The Cuevas case was a medical malpractice case, and the laws for medical malpractice cases in California limit the collateral source rule against discussion of health insurance by allowing some evidence of a plaintiff’s medical insurance to be introduced when calculating past medical damages.  (This is under California’s Medical Injury Compensation Reform Act, specifically the portion at Section 3333.1 of the Civil Code.)  How far the courts may allow the Cuevas case – in combination with the other cases cited above – to go in limiting future medical damages in all other types of personal injury cases than medical malpractice is not yet clear, but liability insurance companies and their defense attorneys are certain to make the argument that these limitations on future medical damages should apply.

One obvious question is just how certain future health insurance really is under the Affordable Care Act.   Beginning almost immediately after the ACA’s passage, and especially after the 2016 elections, its opponents have sought to either eliminate or significantly scale back the ACA.  Although this has not yet happened, the future remains unsure, and at least one important element of the insurance “guarantee” — the “individual mandate” requiring citizens to have some sort of health insurance – was effectively eliminated with the Tax Cuts and Jobs Act of 2017.  While the Cuevas trial court did not directly address this — it only found that the evidence of future insurance, in that case, did not show reasonable certainty, not that it could not be addressed at all — other cases have hinted more directly at this uncertainty, such as Leung v.

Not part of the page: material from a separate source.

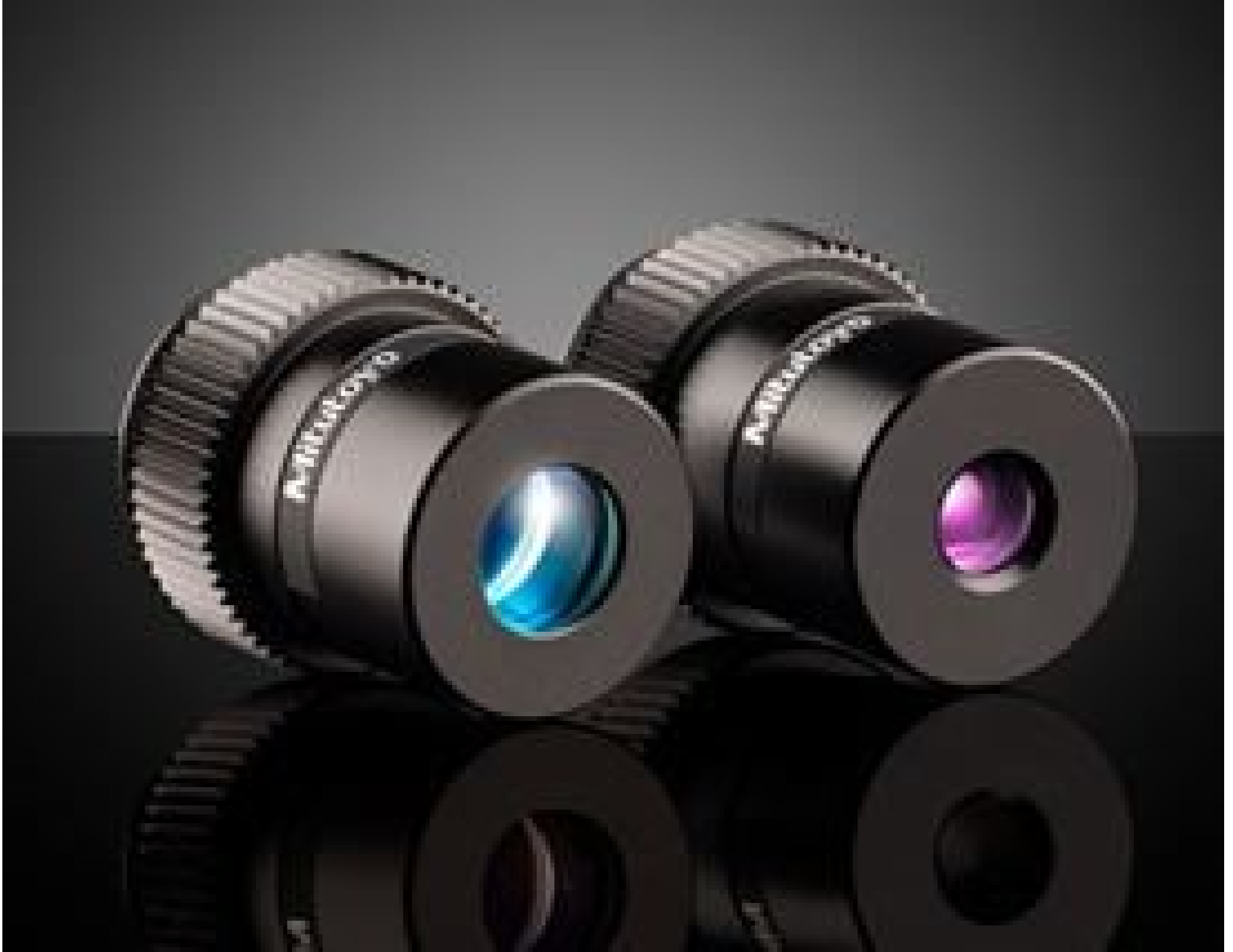
Mitutoyo Compact Objectives

Verdugo Hills Hospital, which noted that “future medical insurance is uncertain and speculative.” However, the appellate court in Cuevas specifically found that the trial court acted improperly in concluding that coverage under the ACA in the future was speculative.  In doing this, however, the appellate court in Cuevas did not even address whether there was sufficient evidence that future health insurance under the ACA was likely to be available to cover the plaintiff’s medical bills.

Where Now for Future Medical Damages Awards?

The ruling in the Cuevas case was definitely a strike against plaintiffs in medical malpractice cases in that it allowed evidence of future health insurance – and discounted medical bill payments under health insurance – to be introduced in order to limit medical damages.  How well this ruling will hold up under more recent evidence of the ongoing efforts to weaken the ACA isn’t yet clear.  The Cuevas appellate ruling itself occurred after the initial attacks on the ACA, but before some of the more recent efforts to overturn or limit the Act, and even within the case itself, the court’s holding was based almost in its entirety upon the opinions of a single defense expert.  And that expert himself had admitted in deposition that there was instability regarding the benefits and reimbursement rates such that no particular rate could be guaranteed into the plaintiff’s future.

At this point, only time will tell, both for the future viability of the ACA and for its applicability as a limiting factor in the calculation of future medical damages for personal injury victims.